WHAT IS BEING ASKED :: Copy nothing but the text: repeat each entry exactly and drop the images.

##### DATASET EXCERPTS

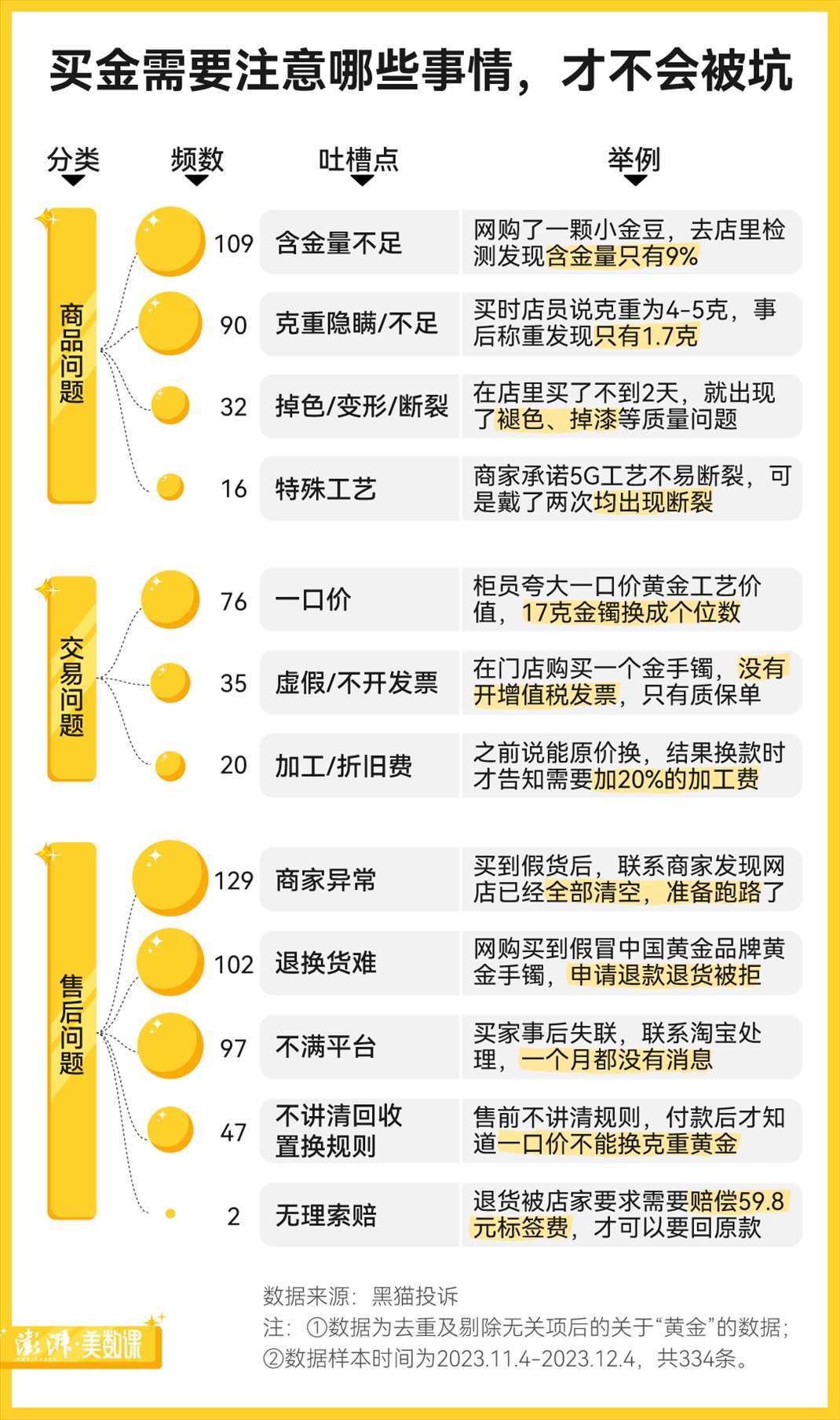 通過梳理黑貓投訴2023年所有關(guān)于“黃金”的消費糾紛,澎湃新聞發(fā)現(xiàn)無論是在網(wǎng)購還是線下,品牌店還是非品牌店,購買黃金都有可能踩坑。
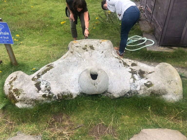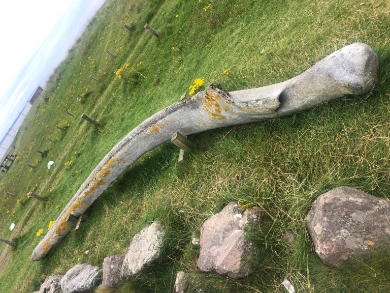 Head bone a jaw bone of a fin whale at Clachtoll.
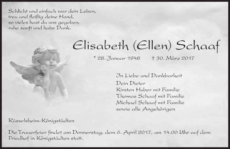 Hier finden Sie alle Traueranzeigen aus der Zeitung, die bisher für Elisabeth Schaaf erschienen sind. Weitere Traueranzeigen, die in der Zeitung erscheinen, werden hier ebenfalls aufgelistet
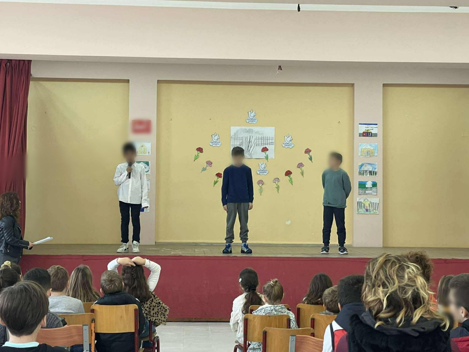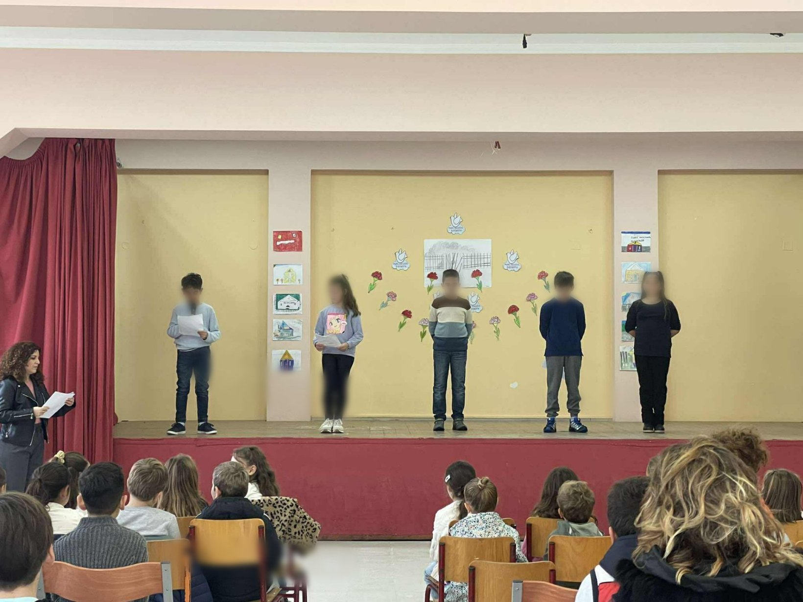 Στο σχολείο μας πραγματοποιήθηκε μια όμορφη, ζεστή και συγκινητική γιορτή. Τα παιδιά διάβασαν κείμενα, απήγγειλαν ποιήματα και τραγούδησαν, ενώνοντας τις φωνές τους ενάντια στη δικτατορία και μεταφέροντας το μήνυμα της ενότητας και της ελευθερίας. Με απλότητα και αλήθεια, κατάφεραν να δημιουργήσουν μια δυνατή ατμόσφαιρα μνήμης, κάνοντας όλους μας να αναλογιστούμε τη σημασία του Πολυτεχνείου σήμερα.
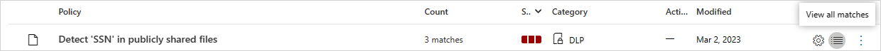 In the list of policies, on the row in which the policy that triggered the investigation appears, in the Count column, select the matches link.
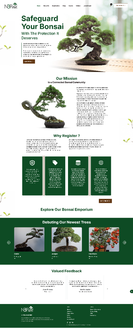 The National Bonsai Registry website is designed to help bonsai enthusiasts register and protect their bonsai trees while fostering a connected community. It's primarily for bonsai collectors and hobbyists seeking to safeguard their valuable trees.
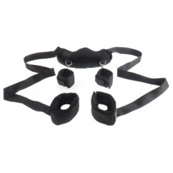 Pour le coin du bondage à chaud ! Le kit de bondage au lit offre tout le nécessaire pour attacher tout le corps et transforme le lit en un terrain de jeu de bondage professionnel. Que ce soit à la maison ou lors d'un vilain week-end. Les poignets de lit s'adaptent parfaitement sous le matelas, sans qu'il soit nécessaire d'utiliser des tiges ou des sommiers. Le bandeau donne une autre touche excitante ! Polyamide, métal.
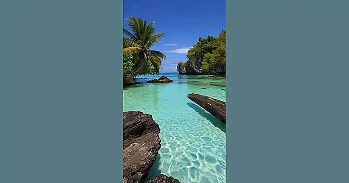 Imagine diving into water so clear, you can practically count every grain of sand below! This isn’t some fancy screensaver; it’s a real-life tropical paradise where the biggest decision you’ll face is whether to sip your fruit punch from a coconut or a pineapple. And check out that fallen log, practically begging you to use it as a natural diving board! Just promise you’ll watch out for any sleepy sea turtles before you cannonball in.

##########

OUTPUT FOR THIS EXERCISE ::
 通過梳理黑貓投訴2023年所有關(guān)于“黃金”的消費糾紛,澎湃新聞發(fā)現(xiàn)無論是在網(wǎng)購還是線下,品牌店還是非品牌店,購買黃金都有可能踩坑。
 Head bone a jaw bone of a fin whale at Clachtoll.
 Hier finden Sie alle Traueranzeigen aus der Zeitung, die bisher für Elisabeth Schaaf erschienen sind. Weitere Traueranzeigen, die in der Zeitung erscheinen, werden hier ebenfalls aufgelistet
 Στο σχολείο μας πραγματοποιήθηκε μια όμορφη, ζεστή και συγκινητική γιορτή. Τα παιδιά διάβασαν κείμενα, απήγγειλαν ποιήματα και τραγούδησαν, ενώνοντας τις φωνές τους ενάντια στη δικτατορία και μεταφέροντας το μήνυμα της ενότητας και της ελευθερίας. Με απλότητα και αλήθεια, κατάφεραν να δημιουργήσουν μια δυνατή ατμόσφαιρα μνήμης, κάνοντας όλους μας να αναλογιστούμε τη σημασία του Πολυτεχνείου σήμερα.
 In the list of policies, on the row in which the policy that triggered the investigation appears, in the Count column, select the matches link.
 The National Bonsai Registry website is designed to help bonsai enthusiasts register and protect their bonsai trees while fostering a connected community. It's primarily for bonsai collectors and hobbyists seeking to safeguard their valuable trees.
 Pour le coin du bondage à chaud ! Le kit de bondage au lit offre tout le nécessaire pour attacher tout le corps et transforme le lit en un terrain de jeu de bondage professionnel. Que ce soit à la maison ou lors d'un vilain week-end. Les poignets de lit s'adaptent parfaitement sous le matelas, sans qu'il soit nécessaire d'utiliser des tiges ou des sommiers. Le bandeau donne une autre touche excitante ! Polyamide, métal.
 Imagine diving into water so clear, you can practically count every grain of sand below! This isn’t some fancy screensaver; it’s a real-life tropical paradise where the biggest decision you’ll face is whether to sip your fruit punch from a coconut or a pineapple. And check out that fallen log, practically begging you to use it as a natural diving board! Just promise you’ll watch out for any sleepy sea turtles before you cannonball in.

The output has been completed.